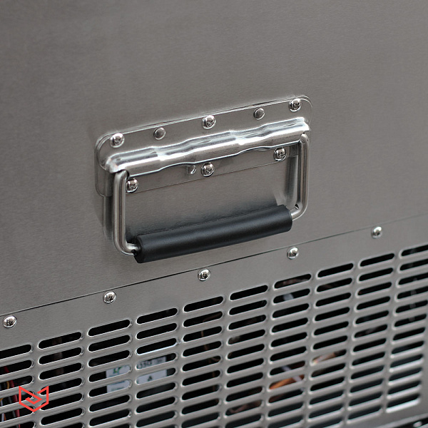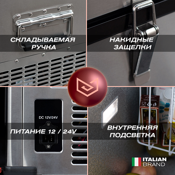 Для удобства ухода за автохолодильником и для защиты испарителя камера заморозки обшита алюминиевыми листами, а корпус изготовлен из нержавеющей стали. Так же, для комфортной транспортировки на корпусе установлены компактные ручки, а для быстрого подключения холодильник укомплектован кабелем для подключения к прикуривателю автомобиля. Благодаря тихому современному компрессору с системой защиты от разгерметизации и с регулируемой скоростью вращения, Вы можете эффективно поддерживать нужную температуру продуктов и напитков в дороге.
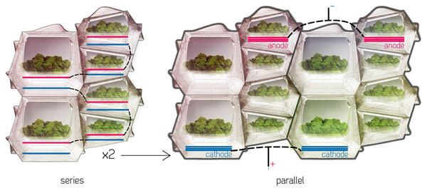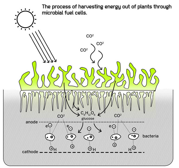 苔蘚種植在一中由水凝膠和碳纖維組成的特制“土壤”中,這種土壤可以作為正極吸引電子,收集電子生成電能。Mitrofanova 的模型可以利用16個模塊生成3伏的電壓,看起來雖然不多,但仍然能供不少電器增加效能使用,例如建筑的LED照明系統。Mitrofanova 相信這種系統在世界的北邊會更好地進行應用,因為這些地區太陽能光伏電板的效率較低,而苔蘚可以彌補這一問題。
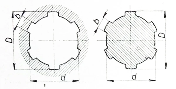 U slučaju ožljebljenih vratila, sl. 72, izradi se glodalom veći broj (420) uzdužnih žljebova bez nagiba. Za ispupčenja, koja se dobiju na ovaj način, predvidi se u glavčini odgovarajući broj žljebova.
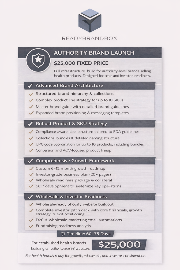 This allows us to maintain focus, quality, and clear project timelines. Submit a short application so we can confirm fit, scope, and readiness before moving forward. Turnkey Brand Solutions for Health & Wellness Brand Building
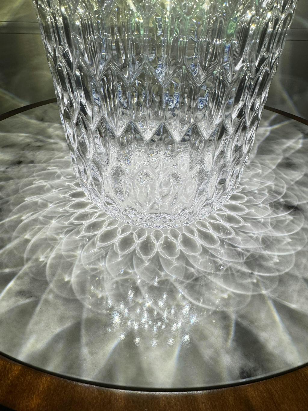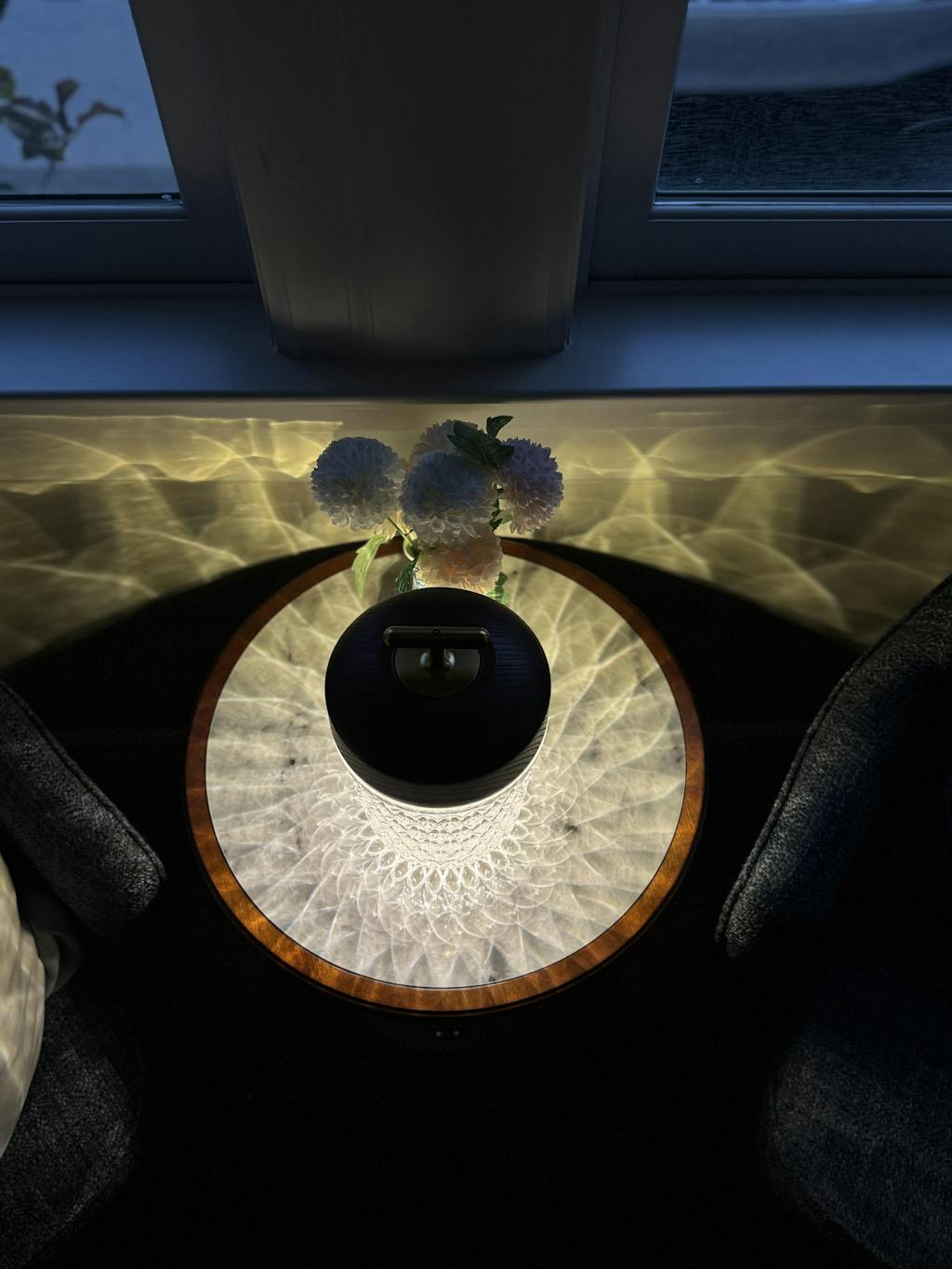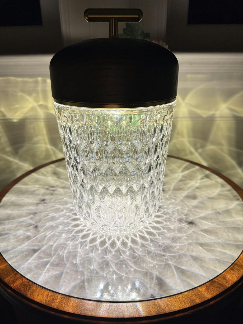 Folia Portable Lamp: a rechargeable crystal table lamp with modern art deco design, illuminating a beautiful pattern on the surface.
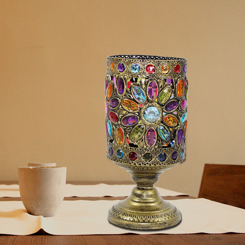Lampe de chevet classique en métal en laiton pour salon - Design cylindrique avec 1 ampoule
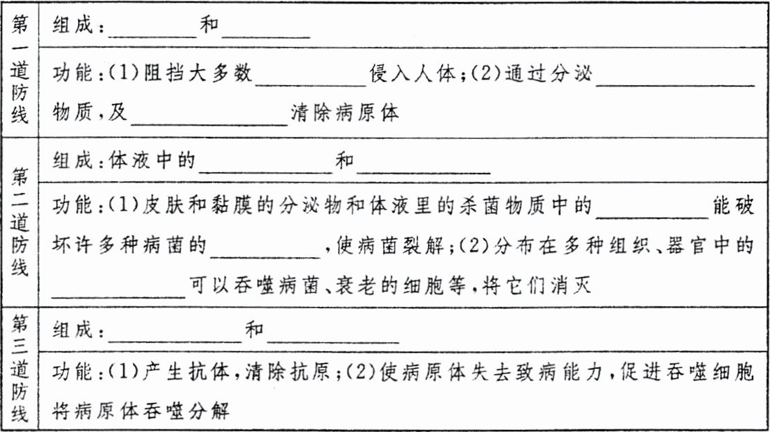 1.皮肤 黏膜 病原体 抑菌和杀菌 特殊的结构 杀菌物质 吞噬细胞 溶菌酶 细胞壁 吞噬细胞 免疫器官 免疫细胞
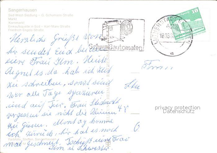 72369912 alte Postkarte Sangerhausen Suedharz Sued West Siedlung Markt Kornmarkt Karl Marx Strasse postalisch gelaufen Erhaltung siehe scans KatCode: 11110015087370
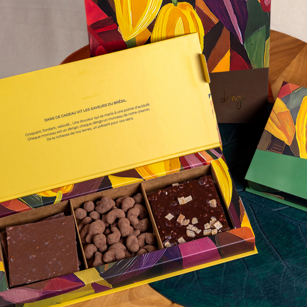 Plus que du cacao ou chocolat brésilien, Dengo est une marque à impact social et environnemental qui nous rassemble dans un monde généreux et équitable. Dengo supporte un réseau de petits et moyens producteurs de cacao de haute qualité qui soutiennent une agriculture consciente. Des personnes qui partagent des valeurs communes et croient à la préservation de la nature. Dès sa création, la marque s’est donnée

*The problem*.
Word-for-word transcript, pictures excluded: copy all the material above.

*Solution*.
 Для удобства ухода за автохолодильником и для защиты испарителя камера заморозки обшита алюминиевыми листами, а корпус изготовлен из нержавеющей стали. Так же, для комфортной транспортировки на корпусе установлены компактные ручки, а для быстрого подключения холодильник укомплектован кабелем для подключения к прикуривателю автомобиля. Благодаря тихому современному компрессору с системой защиты от разгерметизации и с регулируемой скоростью вращения, Вы можете эффективно поддерживать нужную температуру продуктов и напитков в дороге.
 苔蘚種植在一中由水凝膠和碳纖維組成的特制“土壤”中,這種土壤可以作為正極吸引電子,收集電子生成電能。Mitrofanova 的模型可以利用16個模塊生成3伏的電壓,看起來雖然不多,但仍然能供不少電器增加效能使用,例如建筑的LED照明系統。Mitrofanova 相信這種系統在世界的北邊會更好地進行應用,因為這些地區太陽能光伏電板的效率較低,而苔蘚可以彌補這一問題。
 U slučaju ožljebljenih vratila, sl. 72, izradi se glodalom veći broj (420) uzdužnih žljebova bez nagiba. Za ispupčenja, koja se dobiju na ovaj način, predvidi se u glavčini odgovarajući broj žljebova.
 This allows us to maintain focus, quality, and clear project timelines. Submit a short application so we can confirm fit, scope, and readiness before moving forward. Turnkey Brand Solutions for Health & Wellness Brand Building
 Folia Portable Lamp: a rechargeable crystal table lamp with modern art deco design, illuminating a beautiful pattern on the surface.
Lampe de chevet classique en métal en laiton pour salon - Design cylindrique avec 1 ampoule
 1.皮肤 黏膜 病原体 抑菌和杀菌 特殊的结构 杀菌物质 吞噬细胞 溶菌酶 细胞壁 吞噬细胞 免疫器官 免疫细胞
 72369912 alte Postkarte Sangerhausen Suedharz Sued West Siedlung Markt Kornmarkt Karl Marx Strasse postalisch gelaufen Erhaltung siehe scans KatCode: 11110015087370
 Plus que du cacao ou chocolat brésilien, Dengo est une marque à impact social et environnemental qui nous rassemble dans un monde généreux et équitable. Dengo supporte un réseau de petits et moyens producteurs de cacao de haute qualité qui soutiennent une agriculture consciente. Des personnes qui partagent des valeurs communes et croient à la préservation de la nature. Dès sa création, la marque s’est donnée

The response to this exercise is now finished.